**DIRECTIONS**: Exactly as written, reproduce the lines from the beginning of the data through the line containing "MailerLite é uma"; the pictures are not reproduced.

**RECORDED DATA**:
________

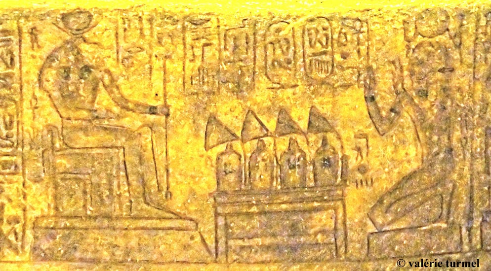 Ramsès II présente la cassolette d'encens à l'Horus de Miam.
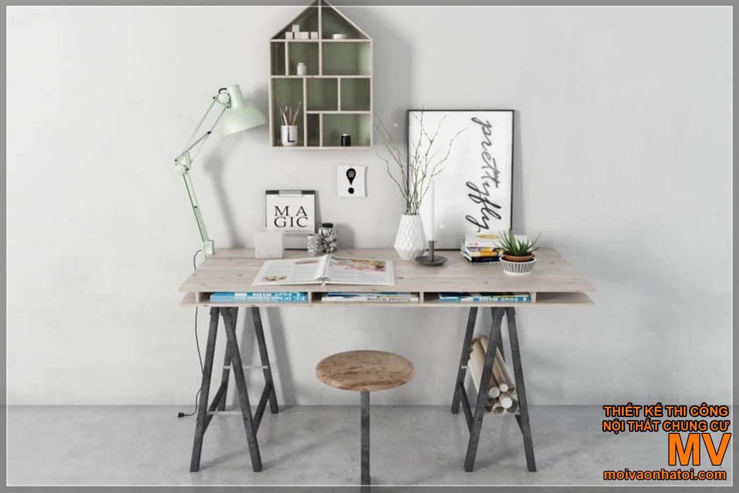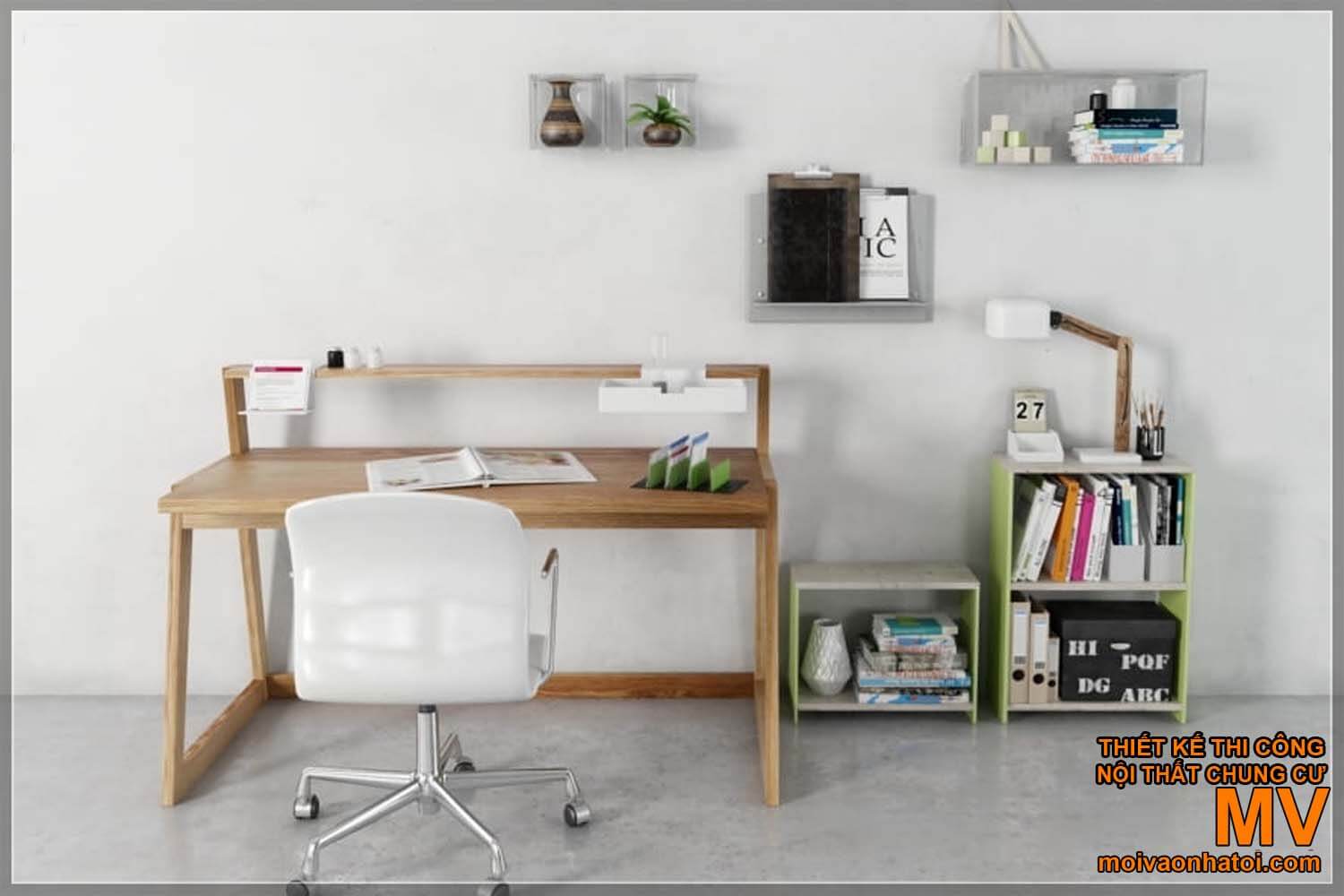 Không gian góc làm việc trông rất đơn giản nhưng vãn mang tính thẩm mỹ. Chiếc bàn làm hoàn toàn bằng gỗ tự nhiên,có một thanh gỗ được bắc lên để giúp bạn có thể treo những vật dụng cần thiết. Ghế xoay có phần chân bằng inox, phần tựa bằng nhựa acrylic. Bên cạnh trang trí thêm những kệ sách nhỏ tạo điểm thu hút cho góc làm việc.
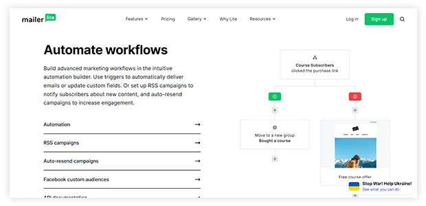 MailerLite é uma plataforma de automação de e-mail marketing. Possui um painel intuitivo e facilita o marketing avançado por meio de sua segmentação. Ele permite que você configure campanhas automatizadas e bem adaptadas para recuperar vendas perdidas e promover novos produtos.
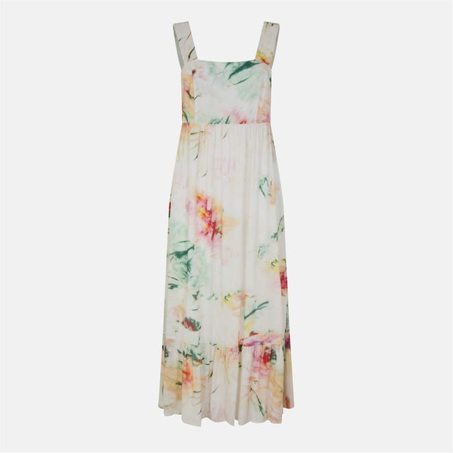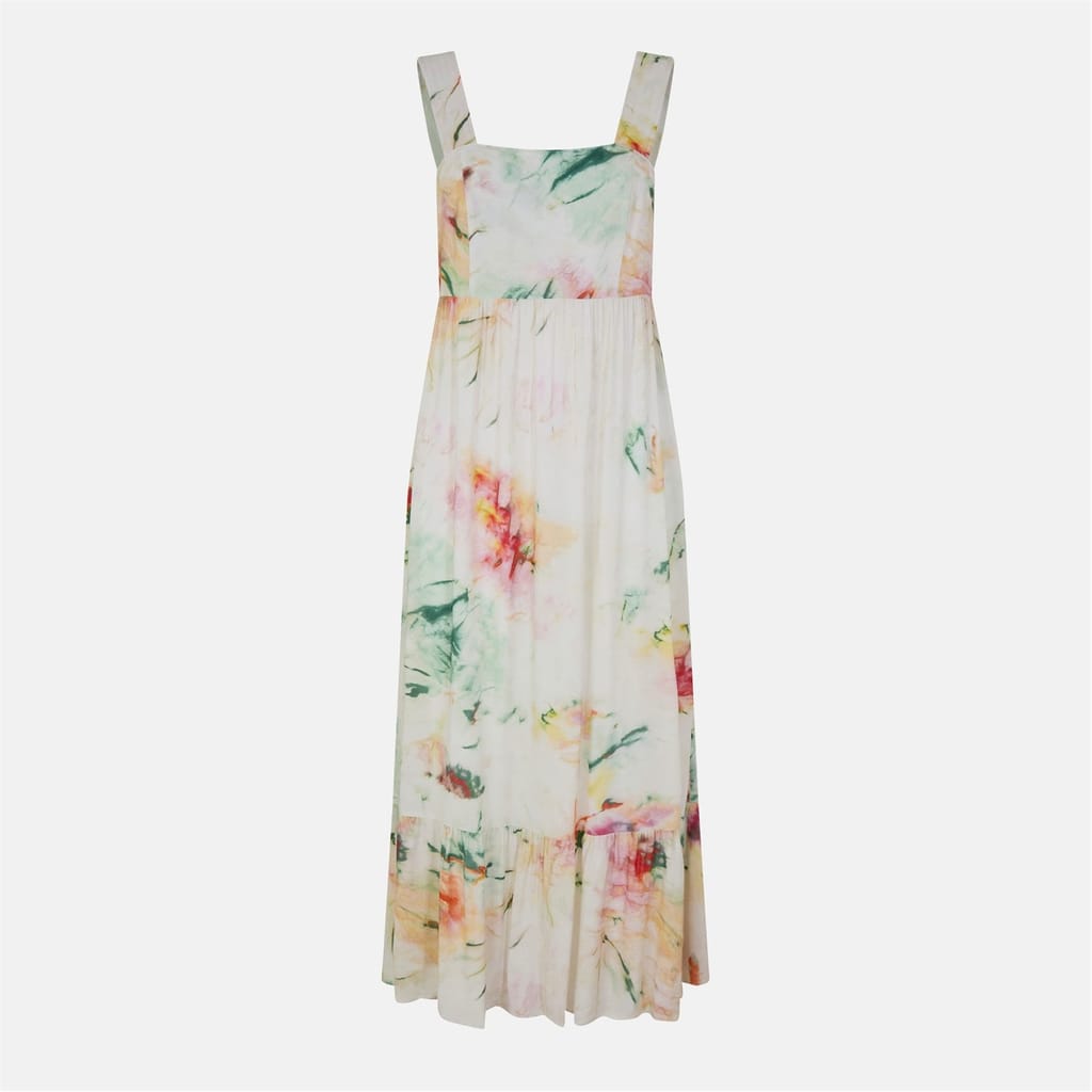 This Boss maxi dress features a square neckline and a spaghetti strap design, offering a chic and elegant look. The floral pattern adds a touch of femininity, while the ruffle hem enhances its A-line silhouette. Perfect for making a statement, this dress combines style and sophistication effortlessly. -

________

**EXERCISE ANSWER**:
 Ramsès II présente la cassolette d'encens à l'Horus de Miam.
 Không gian góc làm việc trông rất đơn giản nhưng vãn mang tính thẩm mỹ. Chiếc bàn làm hoàn toàn bằng gỗ tự nhiên,có một thanh gỗ được bắc lên để giúp bạn có thể treo những vật dụng cần thiết. Ghế xoay có phần chân bằng inox, phần tựa bằng nhựa acrylic. Bên cạnh trang trí thêm những kệ sách nhỏ tạo điểm thu hút cho góc làm việc.
 MailerLite é uma plataforma de automação de e-mail marketing. Possui um painel intuitivo e facilita o marketing avançado por meio de sua segmentação. Ele permite que você configure campanhas automatizadas e bem adaptadas para recuperar vendas perdidas e promover novos produtos.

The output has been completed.